映画『犬神家の一族』のような、相続をきっかけにした一族の深刻なトラブル……「争族」は、お金持ちの一家にしか関係のないものだと思っていませんか?

しかし実は、実際の相続トラブルはそれほど資産のない普通の家庭の、不動産の相続をきっかけに生じているケースが非常に多いのです。

資産のほとんどがマイホームである相続の難しさ

裁判所が発表している司法統計によると、遺産相続トラブルの相談件数のうち7割以上が、遺産総額5,000万円以下のケースです。

世間のイメージに反して、遺産が1億円を超えるような富裕層の相続ではトラブルが少なく、「争族」の多くはごく普通の中流家庭で発生しています。

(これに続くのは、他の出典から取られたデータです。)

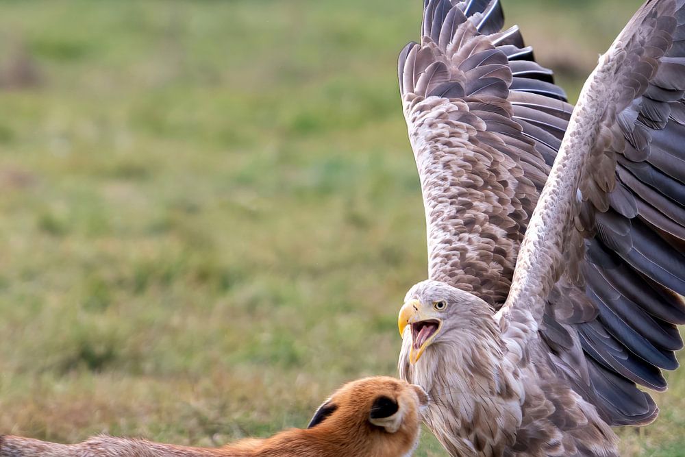 Der Fuchs ist über den Lärm der Seeadler hergefallen und versucht, der Beute des Seeadlers zu entkommen. Trotz der Tatsache, dass der Fuchs viel kleiner ist als der Seeadler, schafft er es, mit dem Essen davonzukommen. Der Fuchs ist gerissen und mutig.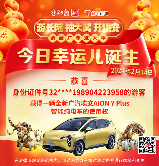 好人啟好運(yùn),最暖是廣東。2月14日19時(shí)許,由南方+、觸電新聞主辦的“請(qǐng)到廣東過大年之游長(zhǎng)隆、抽大獎(jiǎng)、開埃安”活動(dòng)繼續(xù)傳遞好運(yùn),開出第六個(gè)大獎(jiǎng)。隨著“中國(guó)好人”朱化學(xué)按下開獎(jiǎng)鍵,身份證號(hào)“32****198904223958”鎖定在大屏幕,江蘇游客吳先生將獲得一輛全新廣汽埃安AION Y Plus智能純電車的使用權(quán)。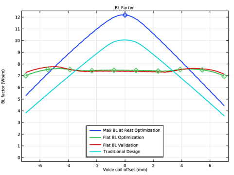 به عنوان خلاصه، شکل 4 منحنی BL ( x ) مدل های مختلف را نشان می دهد . محور افقی نشان دهنده افست سیم پیچ صدا x (جابجایی محوری سیم پیچ صدا) و محور عمودی نشان دهنده ضریب BL است . این شکل همچنین شامل منحنی BL از یک طراحی سنتی است که از مدل Loudspeaker Driver — Frequency-Domain Analysis گرفته شده است .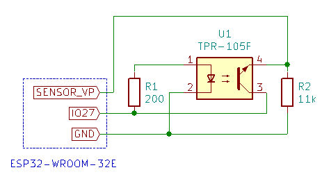 そのため、フォトリフレクタに供給する電源をON/OFFできるようにしました。具体的にはIO27を使い、TPR-105FのLEDおよびフォトトランジスタへの電源供給を制御します。IO27をHigh(3.3V)にするとLEDが点灯し、フォトトランジスタが動作します。LEDは10mA程度の電流を消費しますので、この工夫による省電力効果は非常に高いです。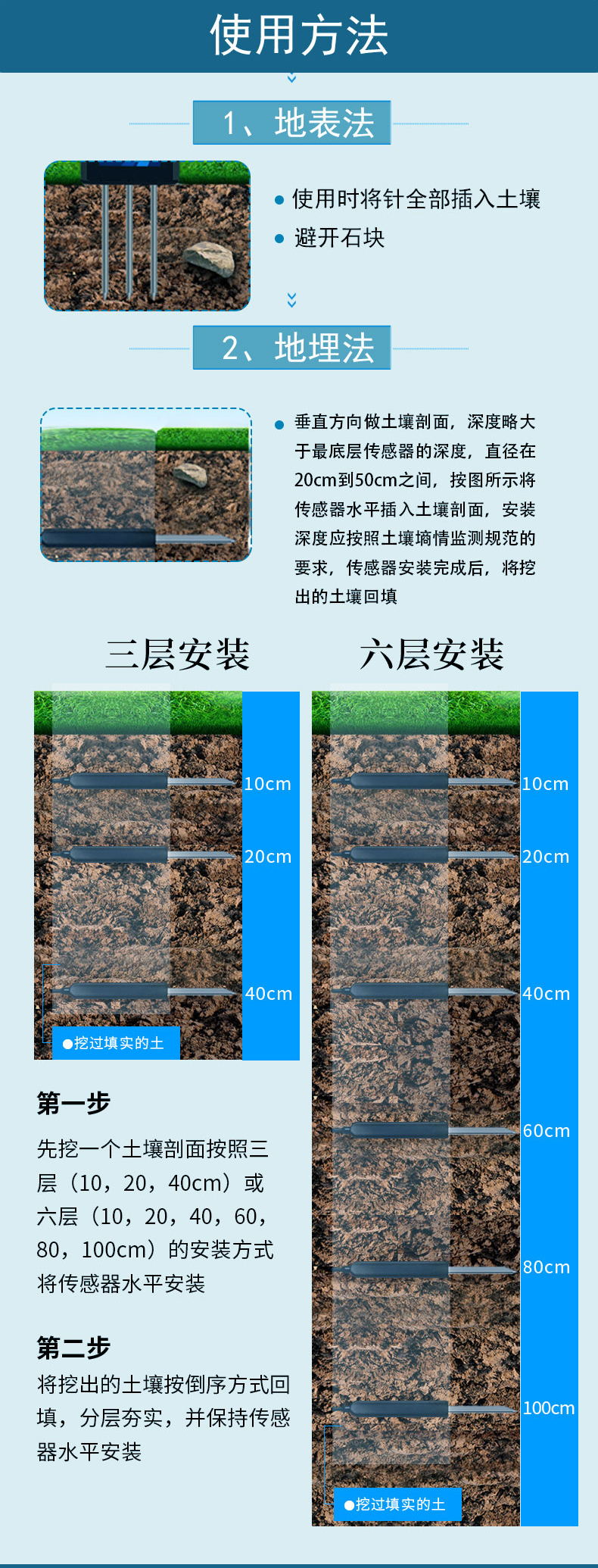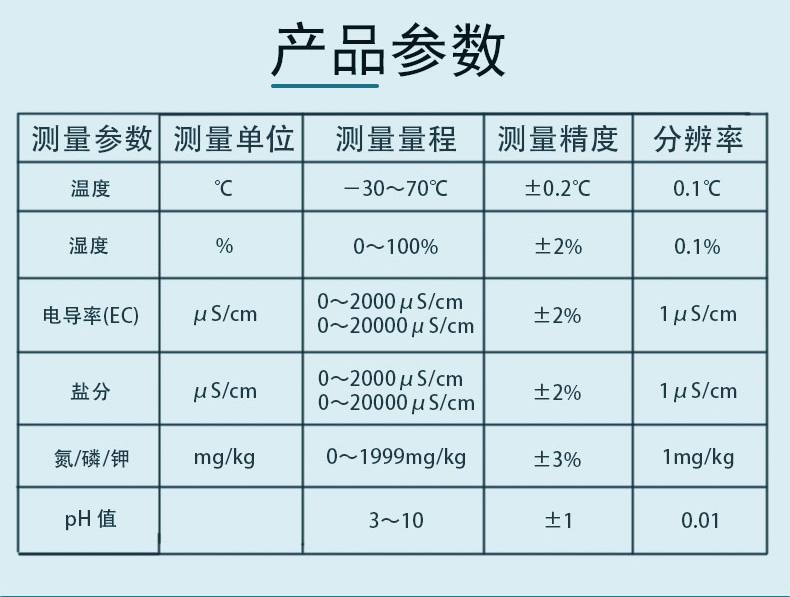 测量参数:土壤温度,土壤容积含水率,土壤盐分,土壤氮/磷/钾。

遺産総額が少ないケースがトラブルになりやすい大きな理由は、相続財産が「少額の現預金と一つの土地建物だけ」という場合が多いこと。

遺産がお金のみであれば単純に相続割合どおりに分けられますが、財産の大半を持ち家が占める場合、その不動産を誰が受け継ぐのかで争いに発展しがちです。

例えば特定の相続人が被相続人と同居していた場合、被相続人が亡くなった後も住み続けたいと思ったとして、他の相続人がそれで納得するとは限りません。

自宅を引き継ぐ相続人が他の相続人に代償金を支払う方法もありますが、例えばその資金がないような場合など、揉めに揉めることになります。

持ち家を売却し、遺産分割することになった場合、元々その家に住んでいた相続人は引っ越しを余儀なくされます。

安易な共同保有はさらなる問題を生む

誰か一人が不動産を受け継ぐ、もしくは売却して分配することによる遺産分割の方法が協議によって成立しない場合、複数の相続人が相続割合に沿って不動産を共同保有するという方法もあります。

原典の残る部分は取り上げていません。